As one of the key means to detect and prevent crimes in progress, the Terry stop will remain an important tool in street policing, but its heavy use in recent years made it a flash point in police/community relations. Terry stops are no longer used as an ad hoc measure of productivity in the NYPD, and they are currently running at a dramatically reduced level—about 45,000 in 2014 (as of November 30)—while yielding a higher arrest rate (15 percent). It remains to be seen if the more than 90 percent reduction in the number of Terry stops in the city, combined with heightened oversight and tighter rules about when such stops can be made, will ease public concerns about this type of police intervention on the streets. The huge reduction in police interventions, some observers worry, may have a harmful effect on crime rates. But the NYPD believes that it will be possible, using more targeted stops and other policies, including Broken Windows, to keep the crime rate from rising and even push it lower. And in fact, through the first week of December 2014, crime is down in all but one of the seven major categories, including a 6.9 percent drop in murders and a 14.6 percent decline in robberies.
Unlike SQF, Broken Windows policing is not a tactical response based on reasonable suspicion of possible criminality. Rather, it is a more broadly based policy mandating that police will address disorderly illegal behavior, such as public drinking and drug use, fights, public urination, and other acts considered to be minor offenses, with responses ranging from warning and referral to summons and arrest. Most often in these cases, police have witnessed the crime in question and are acting on probable cause, the constitutional grounds for summons and arrest—a far greater level of police intervention than a Terry stop.
Our experience suggests that, whatever the critics might say, the majority of New Yorkers, including minorities, approve of such police order-maintenance activities. After all, most of these activities come in response to residents’ demands, which are made to patrolling officers directly, to precinct operators by telephone, to precinct commanders at community meetings, and via the 311 and 911 call centers. Contrary to conventional wisdom, citizens almost invariably are more concerned about disorderly behavior than about major crimes, which they experience far less frequently. We have attended countless meetings with citizen groups in high-crime areas, and, almost without exception, disorderly behavior and conditions are the central concerns. As recently mapped by the NYPD, 311 and 911 complaints about quality-of-life conditions and lesser crimes correlated almost exactly with neighborhoods in northern Brooklyn and the central Bronx, where many Broken Windows arrests are made. Conversely, some large minority communities in southern Queens and the eastern Bronx make far fewer complaints—and the police make far fewer arrests for Broken Windows offenses in those areas.

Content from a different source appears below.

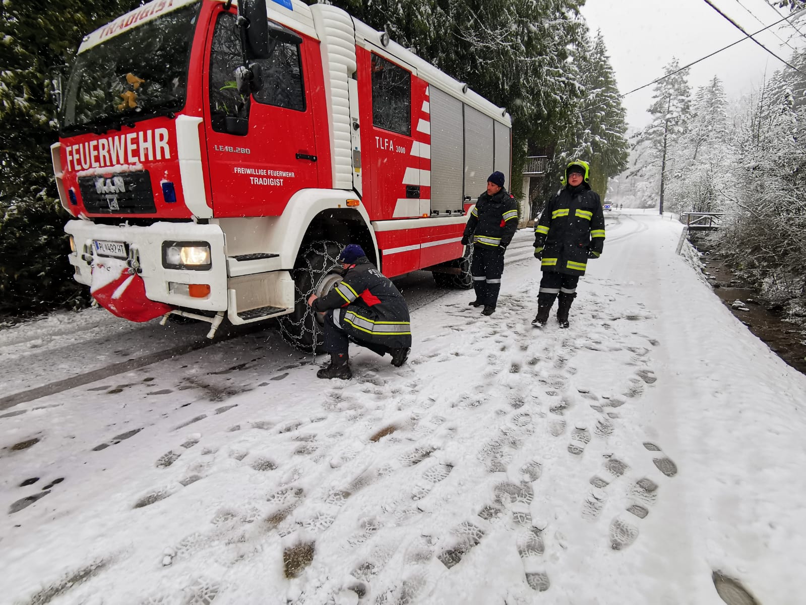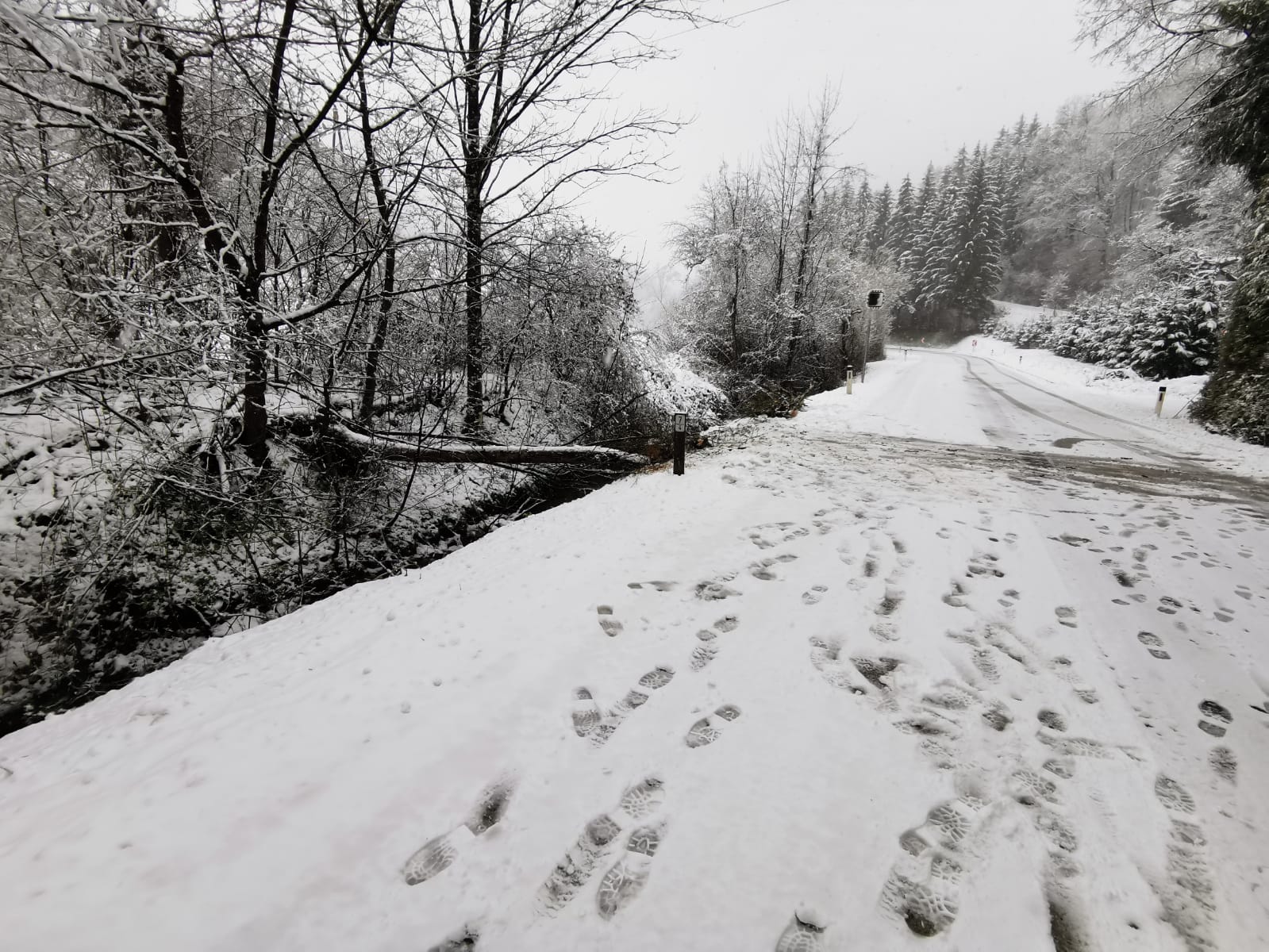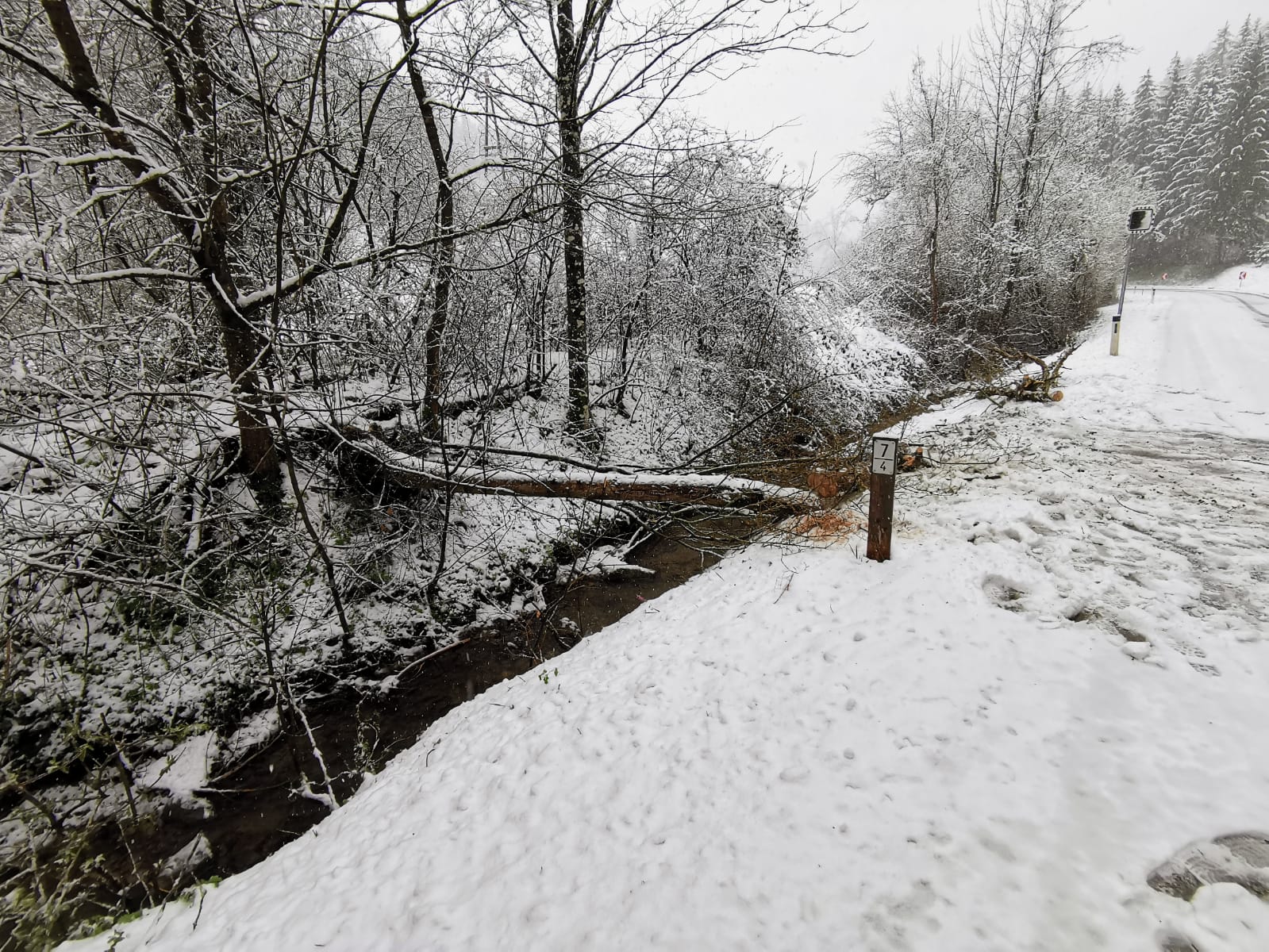 Bereits auf dem Weg zurück wieder ins Feuerwehrhaus, wurden wir von der Bezirksalarmzentrale per Funk über einen weiteren Einsatz alarmiert. Baum über Straße (T1).

In August 2014, in the wake of Eric Garner’s death after an arrest for a quality-of-life offense on Staten Island, Quinnipiac University conducted a poll gauging the views of New York City residents toward the police and Broken Windows enforcement. The poll found that the overall approval rating of the NYPD had fallen by nine percentage points, to 50 percent, because of concerns about Garner’s death and police use of force. A full 90 percent of African-American respondents and 71 percent of Hispanic respondents agreed that there was “no excuse” for how police had acted in the Garner incident. However, even in this highly charged context, support for Broken Windows remained high. African-Americans supported it by 56 to 37 percent, whites by 61 to 33 percent, and Hispanics by the largest margin of all—64 to 34 percent. The poll results reflect the underlying public support from all races for this kind of enforcement.

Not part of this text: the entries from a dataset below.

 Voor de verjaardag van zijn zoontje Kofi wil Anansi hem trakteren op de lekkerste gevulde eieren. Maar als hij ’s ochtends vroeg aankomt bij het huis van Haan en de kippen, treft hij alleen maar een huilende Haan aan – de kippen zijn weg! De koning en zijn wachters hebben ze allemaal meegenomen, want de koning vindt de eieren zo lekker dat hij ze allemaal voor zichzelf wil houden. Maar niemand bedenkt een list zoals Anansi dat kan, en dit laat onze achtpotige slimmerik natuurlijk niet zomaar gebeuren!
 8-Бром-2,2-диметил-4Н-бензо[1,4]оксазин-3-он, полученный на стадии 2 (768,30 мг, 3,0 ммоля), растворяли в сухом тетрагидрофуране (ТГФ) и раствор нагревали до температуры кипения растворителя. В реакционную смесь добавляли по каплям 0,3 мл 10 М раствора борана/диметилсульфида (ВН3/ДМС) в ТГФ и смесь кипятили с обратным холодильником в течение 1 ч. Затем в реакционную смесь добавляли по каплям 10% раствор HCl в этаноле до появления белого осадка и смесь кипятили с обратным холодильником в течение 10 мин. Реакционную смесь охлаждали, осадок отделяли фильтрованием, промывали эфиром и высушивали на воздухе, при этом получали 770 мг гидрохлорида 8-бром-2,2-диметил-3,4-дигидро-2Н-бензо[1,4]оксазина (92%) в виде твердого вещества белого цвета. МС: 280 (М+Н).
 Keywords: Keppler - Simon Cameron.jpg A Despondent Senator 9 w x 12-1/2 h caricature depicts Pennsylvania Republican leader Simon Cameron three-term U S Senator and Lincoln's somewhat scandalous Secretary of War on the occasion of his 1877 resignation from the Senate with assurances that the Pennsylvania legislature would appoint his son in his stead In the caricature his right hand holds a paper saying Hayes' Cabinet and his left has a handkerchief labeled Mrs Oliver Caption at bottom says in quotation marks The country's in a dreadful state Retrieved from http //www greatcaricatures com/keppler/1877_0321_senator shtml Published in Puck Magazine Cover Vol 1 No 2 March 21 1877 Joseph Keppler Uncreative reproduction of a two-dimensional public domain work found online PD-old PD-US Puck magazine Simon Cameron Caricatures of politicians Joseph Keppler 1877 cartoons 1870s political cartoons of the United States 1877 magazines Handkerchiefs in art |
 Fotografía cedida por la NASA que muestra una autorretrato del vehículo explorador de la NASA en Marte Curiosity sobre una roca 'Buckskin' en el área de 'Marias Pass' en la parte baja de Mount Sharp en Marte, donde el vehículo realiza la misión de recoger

The advocates who say otherwise obviously have never been to a police/community meeting in a poorer, mostly minority neighborhood. Sadly, criminal behavior, disorderly behavior, and, most important, victimization are highly correlated with both poverty and race in modern America. African-Americans and Hispanics made up just 53 percent of the population in New York City in 2013 but 83 percent of its murder victims, 74 percent of its rape victims, 61 percent of its robbery victims, and 71 percent of its assault victims. New York is a vastly safer place than it was 20 years ago; but for some minority neighborhoods, the change has not been as decisive or complete. Those residents still live with danger as a daily reality. Complaints about disorderly conditions also come disproportionally from neighborhoods that are predominantly African-American and Hispanic.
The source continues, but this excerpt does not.